:: Materials provided ::
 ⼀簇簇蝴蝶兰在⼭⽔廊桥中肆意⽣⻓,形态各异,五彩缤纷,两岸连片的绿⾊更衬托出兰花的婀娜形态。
:::
:: Materials provided ::
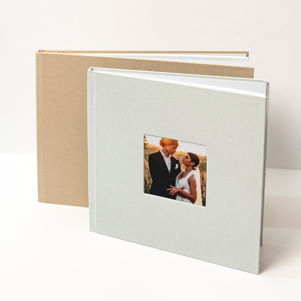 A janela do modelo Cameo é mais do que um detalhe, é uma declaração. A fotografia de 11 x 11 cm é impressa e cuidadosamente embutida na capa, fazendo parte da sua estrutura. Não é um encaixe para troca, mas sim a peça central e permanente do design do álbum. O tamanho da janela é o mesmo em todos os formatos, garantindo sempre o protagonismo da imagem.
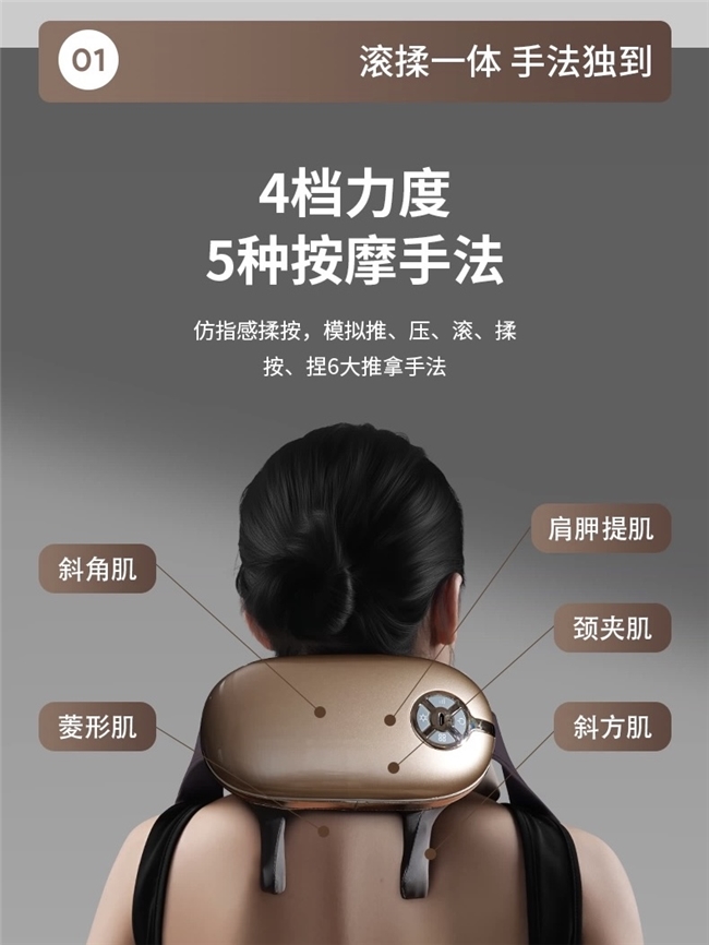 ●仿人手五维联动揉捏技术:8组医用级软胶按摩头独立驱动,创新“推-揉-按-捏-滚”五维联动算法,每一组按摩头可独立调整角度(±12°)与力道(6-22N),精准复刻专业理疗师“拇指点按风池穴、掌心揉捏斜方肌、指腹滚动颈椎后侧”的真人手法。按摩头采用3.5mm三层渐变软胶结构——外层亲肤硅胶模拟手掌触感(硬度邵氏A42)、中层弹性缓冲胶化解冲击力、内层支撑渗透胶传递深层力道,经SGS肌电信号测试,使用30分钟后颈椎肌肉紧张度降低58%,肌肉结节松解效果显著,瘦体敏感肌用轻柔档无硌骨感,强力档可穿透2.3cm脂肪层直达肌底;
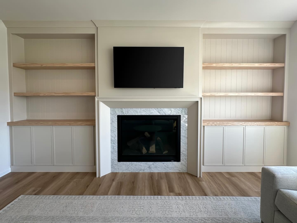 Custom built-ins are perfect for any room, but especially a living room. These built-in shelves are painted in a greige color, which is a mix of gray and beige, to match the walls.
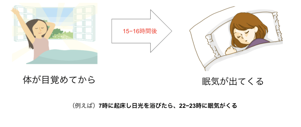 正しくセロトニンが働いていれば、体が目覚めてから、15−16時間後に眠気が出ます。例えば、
:::
_Assigned task:_ Could the stretch from the line with "Custom built-ins are" through the line with "正しくセロトニンが働いていれ" in the listing above be restated word for word, minus the pictures?

_Answer to this exercise:_
 Custom built-ins are perfect for any room, but especially a living room. These built-in shelves are painted in a greige color, which is a mix of gray and beige, to match the walls.
 正しくセロトニンが働いていれば、体が目覚めてから、15−16時間後に眠気が出ます。例えば、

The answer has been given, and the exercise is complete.